In fact, you can see that the core of it is SLAM.TrackMonocular(im,tframe), and all the following chapters will be explained around this function.

2. TrackMonocular

In the src\System.cc file, we can see the specific process of TrackMonocular function implementation. When explaining this function, let us first review the ORB_SLAM2::System constructor we explained in the previous section. You can see the following code:

//Tracker, responsible for tracking some related operations
    mpTracker = new Tracking(this,mpVocabulary,mpFrameDrawer,mpMapDrawer,mpMap,mpKeyFrameDatabase,strSettingsFile,mSensor);
    //Local mapper, responsible for the construction of local maps			
    mpLocalMapper = new LocalMapping(mpMap,mSensor==MONOCULAR);	
    //Loop closer, closed loop detection and closed loop operation
    mpLoopCloser = new LoopClosing(mpMap,mpKeyFrameDatabase,mpVocabulary,mSensor!=MONOCULAR);

The class objects mpTracker, mpLocalMapper, and mpLoopCloser are very important and are the three core class objects of the entire system. Recalling what we explained in the previous chapter, let’s take a look at the TrackMonocular function:

//Similarly, the tracker interface when the input is a monocular image
cv::Mat System::TrackMonocular(const cv::Mat &im, const double &timestamp)
        cerr << "ERROR: you called TrackMonocular but input sensor was not set to Monocular." << endl;

    // Check mode change
        // Exclusive lock, mainly to avoid confusion in mbActivateLocalizationMode and mbDeactivateLocalizationMode
        unique_lock<mutex> lock(mMutexMode);
        // mbActivateLocalizationMode is true to close the local map thread

            // Wait until Local Mapping has effectively stopped

            // After the local map is closed, the thread that only performs tracking only calculates the pose of the camera and does not update the local map.
            // Set mbOnlyTracking to true
            // Closing the thread allows other threads to get more resources
            mbActivateLocalizationMode = false;
        // If mbDeactivateLocalizationMode is true, the local map thread is released and the keyframe is deleted from the local map.
            mbDeactivateLocalizationMode = false;

    // Check reset
    unique_lock<mutex> lock(mMutexReset);
        mbReset = false;

    //Get the estimation result of camera pose
    cv::Mat Tcw = mpTracker->GrabImageMonocular(im,timestamp);

    unique_lock<mutex> lock2(mMutexState);
    mTrackingState = mpTracker->mState;
    mTrackedMapPoints = mpTracker->mCurrentFrame.mvpMapPoints;
    mTrackedKeyPointsUn = mpTracker->mCurrentFrame.mvKeysUn;

    return Tcw;

Generally speaking, the operation on it is relatively simple. The main process is as follows:

1. Determine whether the sensor type is monocular mode. If not, it means the setting is wrong and the function returns directly.
	2. Lock mode lock (mMutexMode):
		(1) If the positioning mode currently needs to be activated, request to stop local mapping, wait for the local mapping thread to stop, and set it to tracking-only mode.
		(2) If you need to cancel the positioning mode at present, notify that local mapping can work and turn off the tracking only mode.
	3. Lock reset lock (mMutexReset): Check whether there is a reset request, and if so, perform a reset operation

	4. Core part: Obtain camera position and posture based on the input image (which includes feature extraction and matching, map initialization, key frame query, etc.)
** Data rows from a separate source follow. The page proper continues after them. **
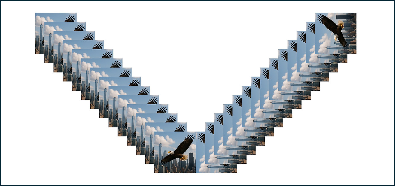 - AI가 생성한 여러 개의 "도심을 비행하는 독수리" 이미지 수 개를 조합하고 재배치해서 새로운 구도를 만든 경우
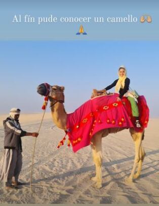 Ni los camellos había podido conocer la también presentadora de De boca en boca, por lo que estaba como loca con el paseo que le dieron con el sol recién saliendo.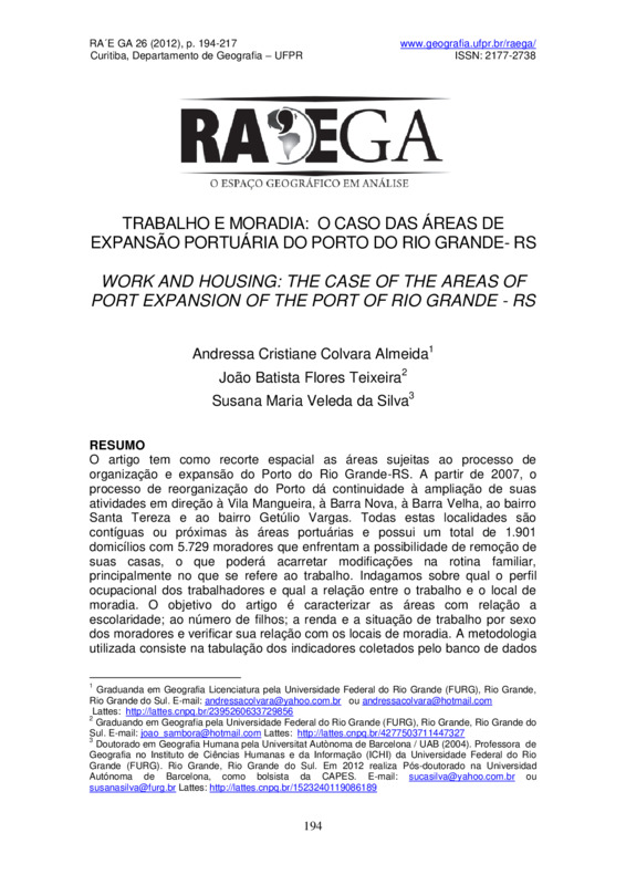 O artigo tem como recorte espacial as áreas sujeitas ao processo de organização e expansão do Porto do Rio Grande-RS. A partir de 2007, o processo de reorganização do Porto dá continuidade à ampliação de suas atividades em direção à Vila Mangueira, à Barra Nova, à Barra Velha, ao bairro Santa Tereza e ao bairro Getúlio Vargas. Todas estas localidades são contíguas ou próximas às áreas portuárias e possui um total de 1.901 domicílios com 5.729 moradores que enfrentam a possibilidade de remoção de suas casas, o que poderá acarretar modificações na rotina familiar, principalmente no que se refere ao trabalho. Indagamos sobre qual o perfil ocupacional dos trabalhadores e qual a relação entre o trabalho e o local de moradia. O objetivo do artigo é caracterizar as áreas com relação a escolaridade; ao número de filhos; a renda e a situação de trabalho por sexo dos moradores e verificar sua relação com os locais de moradia. A metodologia utilizada consiste na tabulação dos indicadores coletados pelo banco de dados do Núcleo de Análises Urbanas (NAU) da FURG e a interpretação a partir dos dois circuitos da economia de Milton Santos e as relações de gênero. A análise dos dados demonstra que grande parte dos moradores trabalha nas áreas ou em locais próximos e depende da localidade onde mora para manter-se no emprego. Indicadores sociais selecionados apontam para situações semelhantes em todas as áreas: baixa escolaridade, situação de trabalho precário e baixa renda familiar.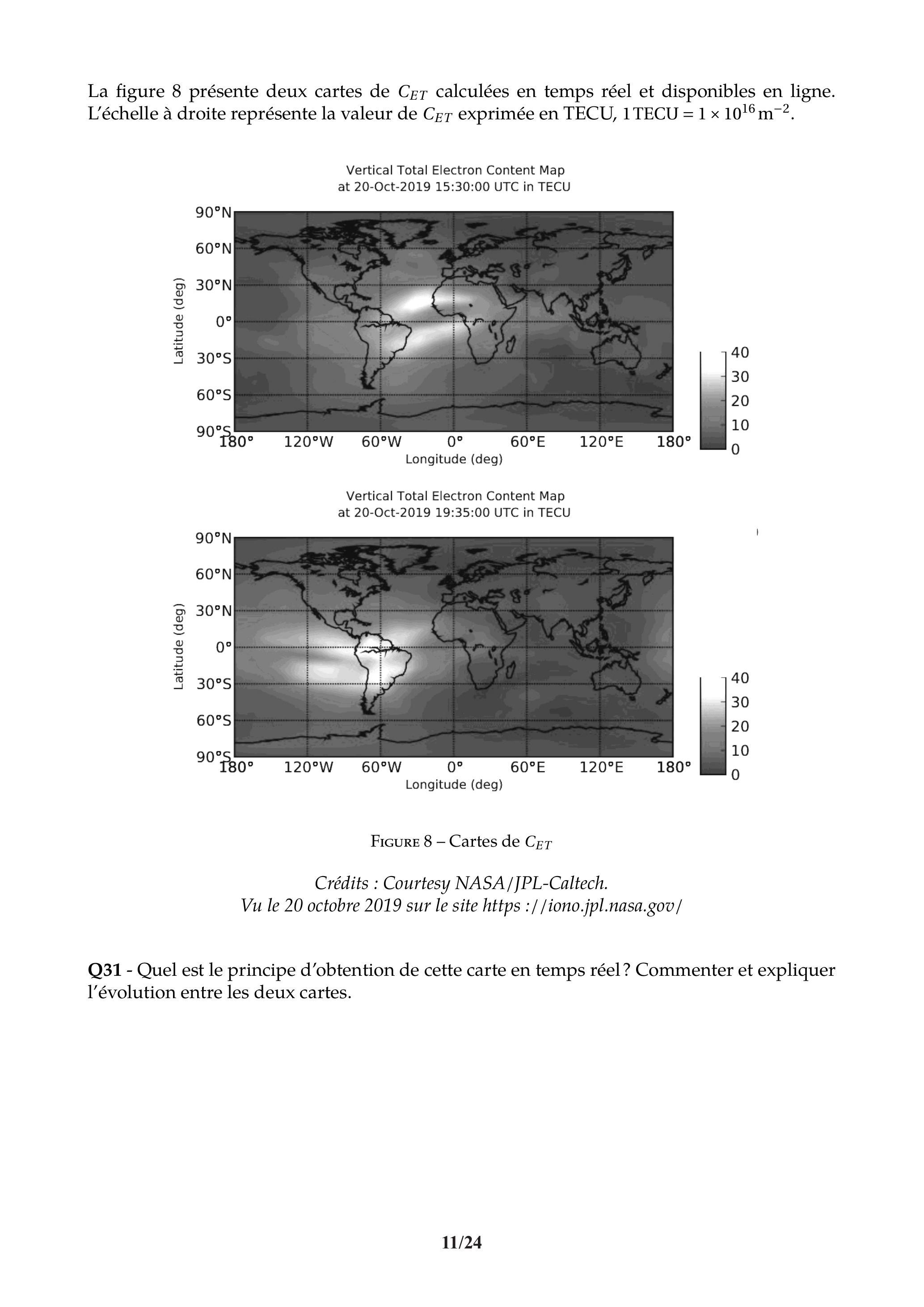 La figure 8 présente deux cartes de calculées en temps réel et disponibles en ligne. L'échelle à droite représente la valeur de exprimée en TECU, 1 TECU .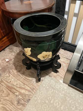 This is a large hand-painted black or porcelain Chinese fishbowl planter on a wooden stand. Sits on a black 13" stand.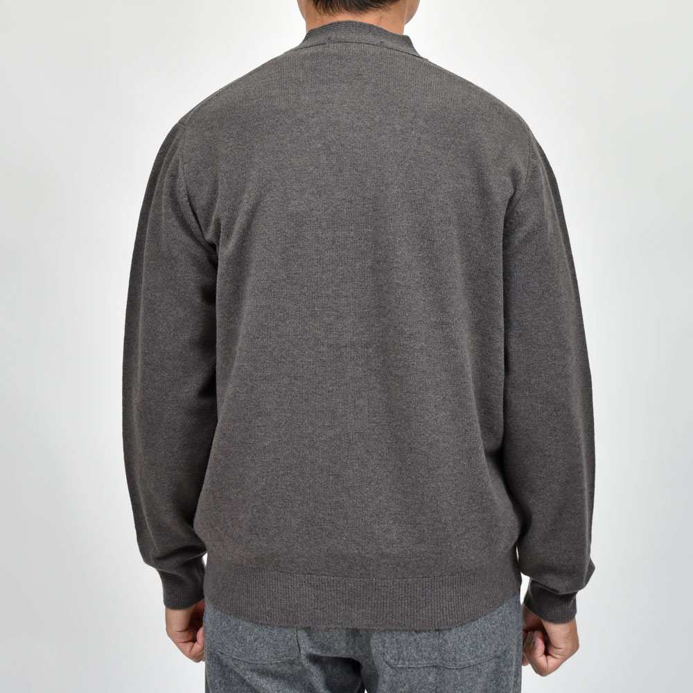 ただ作りに関してはこだわりが発揮されていまして、カーディガンにありながちなネック部分のリブが寄れてしまわないように前立て部分を7ゲージにしてフィット感を高めたり、シルエットも過度にスマートにしすぎず、身頃は12ゲージの糸を使うことでクリーンな雰囲気を強調。いつ着ても適度なリラックス感を演出できるようにバランスを整えています。

	5. Update data, such as tracking status, map points of the current frame, key points after correction of the current frame, etc.

The core part is to obtain the camera position and posture based on the input image, which is the function GrabImageMonocular().


The calling code of this function is

cv::Mat Tcw = mpTracker->GrabImageMonocular(im,timestamp);

It mainly performs the following operations:

1. If the input image is not a grayscale image, convert it to a grayscale image.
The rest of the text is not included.